Also, after concluding the results from ADFC test, we can now say that given series is now **STATIONARY**

### **Time Shift Transformation**

In [None]:
elecom_log_diff = elecom_log - elecom_log.shift()
plt.figure(figsize=(10,5))
plt.plot(elecom_log_diff)

In [None]:
elecom_log_diff.dropna(inplace=True)
plt.figure(figsize=(10,5))
plt.plot(elecom_log_diff)

**Let's determine & plot rolling statistics.**

In [None]:
test_stationarity(elecom_log_diff)

From above plot, we can see that, visually this is the very best result as our series along with rolling stats values of moving avg(mean) & moving standard deviation is very much flat & stationary.

**Let us now break down the 3 components of the log scale series using a system libary function. Once, we separate our the components, we can simply ignore trend & seasonality and check on the nature of the residual part.**

In [None]:
decomposition = seasonal_decompose(elecom_log)

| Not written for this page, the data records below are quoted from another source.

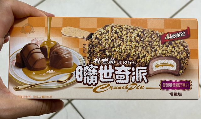兩個我之前都吃過了,玫瑰鹽的焦糖大約持續在雪糕上半部的三分之一,卡布奇諾冰棒吃
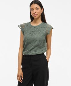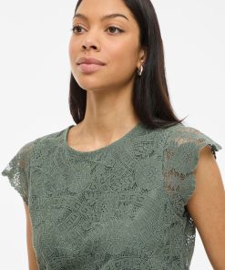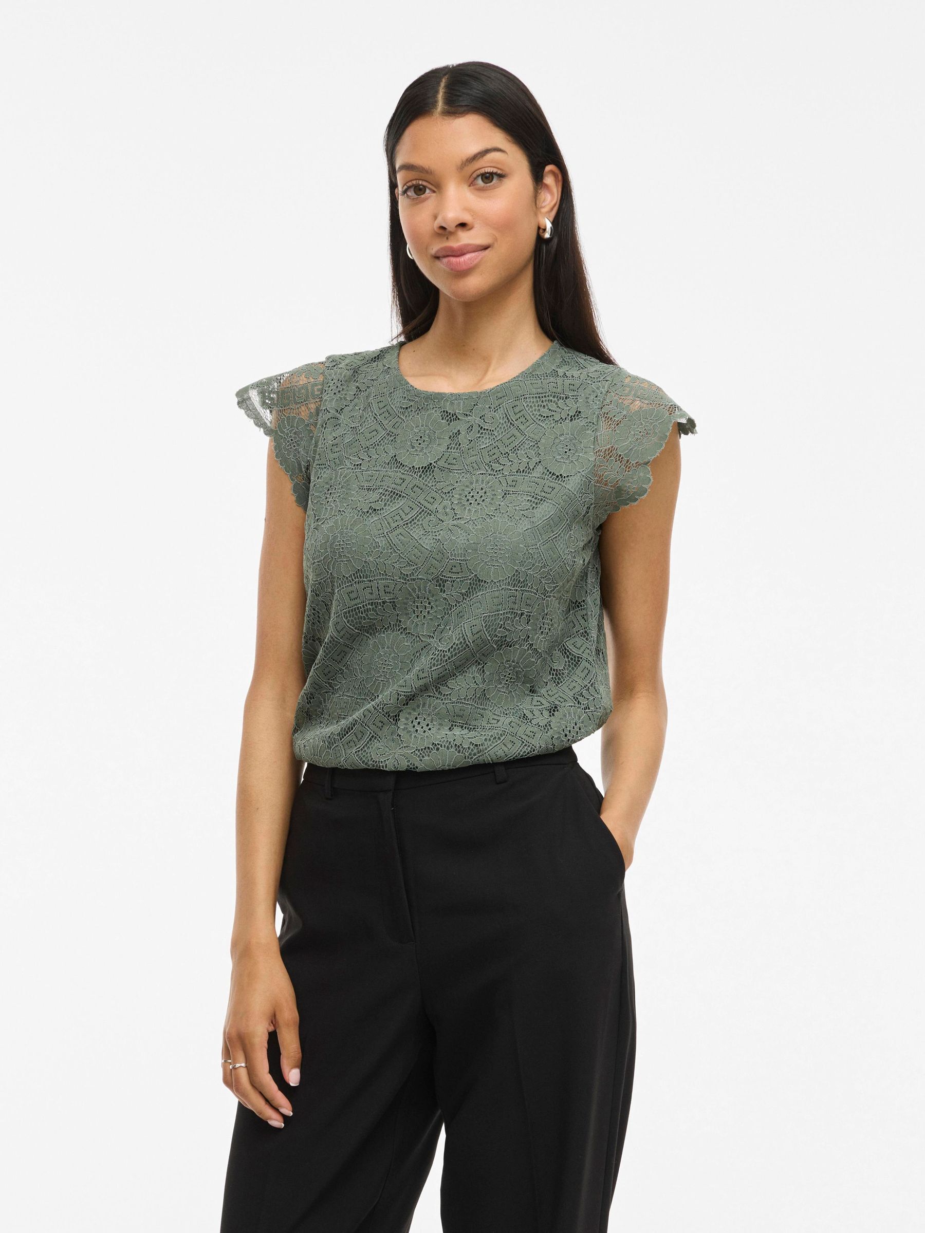 • Short sleeved lace top• Round neck with button-keyhole fastening• Lined body with sheer overlay• Regular fit• Length: 62 cm in size M• Sleeve length: 9 cm in size M
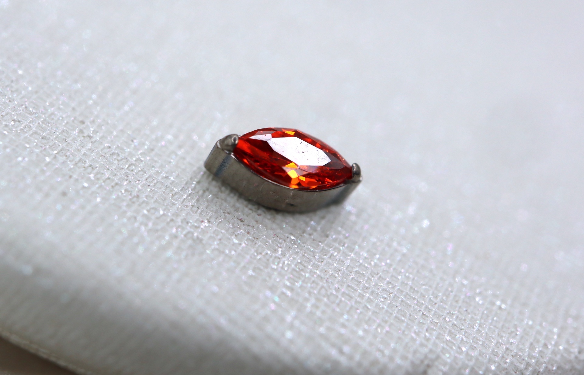 Piercing labret com uma zircónia em formato navete de tom vermelho

trend = decomposition.trend
seasonal = decomposition.seasonal
residual = decomposition.resid

plt.figure(figsize=(10,5))
plt.subplot(411)
plt.plot(elecom_log, label='Original')
plt.legend(loc='best')

plt.subplot(412)
plt.plot(trend, label='Trend')
plt.legend(loc='best')

plt.subplot(413)
plt.plot(seasonal,label='Seasonality')
plt.legend(loc='best')

plt.subplot(414)
plt.plot(residual, label='Residuals')
plt.legend(loc='best')
plt.tight_layout()

**There can be cases where an observation simply consist of trend & seasonality. In that case, there won't be any residual component & that would be a null or NaN. Hence, we also remove such cases.**

In [None]:
elecom_decompose = residual
elecom_decompose.dropna(inplace=True)

In [None]:
rollmean_decompose = elecom_decompose.rolling(window=12).mean()
rollstd_decompose = elecom_decompose.rolling(window=12).std()

plt.figure(figsize=(10,5))
plt.plot(elecom_decompose, color='blue', label='Original')
plt.plot(rollmean_decompose, color='red', label='Rolling Mean')
plt.plot(rollstd_decompose, color='black', label='Rolling Std')
plt.legend(loc='best')
plt.title('Rolling Mean & Standard Deviation')

### **Plotting ACF & PACF**

In [None]:
lag_acf = acf(elecom_log_diff, nlags=20)
lag_pacf = pacf(elecom_log_diff, nlags=20, method='ols')

In [None]:
#Plot ACF:
plt.subplot(121)
plt.plot(lag_acf)
plt.axhline(y=0, linestyle='--', color='gray')
plt.axhline(y=-1.96/np.sqrt(len(elecom_log_diff)), linestyle='--', color='gray')
plt.axhline(y=1.96/np.sqrt(len(elecom_log_diff)), linestyle='--', color='gray')
plt.title('Autocorrelation Function')            

#Plot PACF
plt.subplot(122)
plt.plot(lag_pacf)
plt.axhline(y=0, linestyle='--', color='gray')
plt.axhline(y=-1.96/np.sqrt(len(elecom_log_diff)), linestyle='--', color='gray')
plt.axhline(y=1.96/np.sqrt(len(elecom_log_diff)), linestyle='--', color='gray')
plt.title('Partial Autocorrelation Function')
            
plt.tight_layout()

From the ACF graph, we can see that curve touches y=0.0 line at x=2. Thus, from theory, Q = 3 From the PACF graph, we see that curve touches y=0.0 line at x=2. Thus, from theory, P = 3

(from the above graphs the p and q values are very close to 3 where the graph cuts off the origin)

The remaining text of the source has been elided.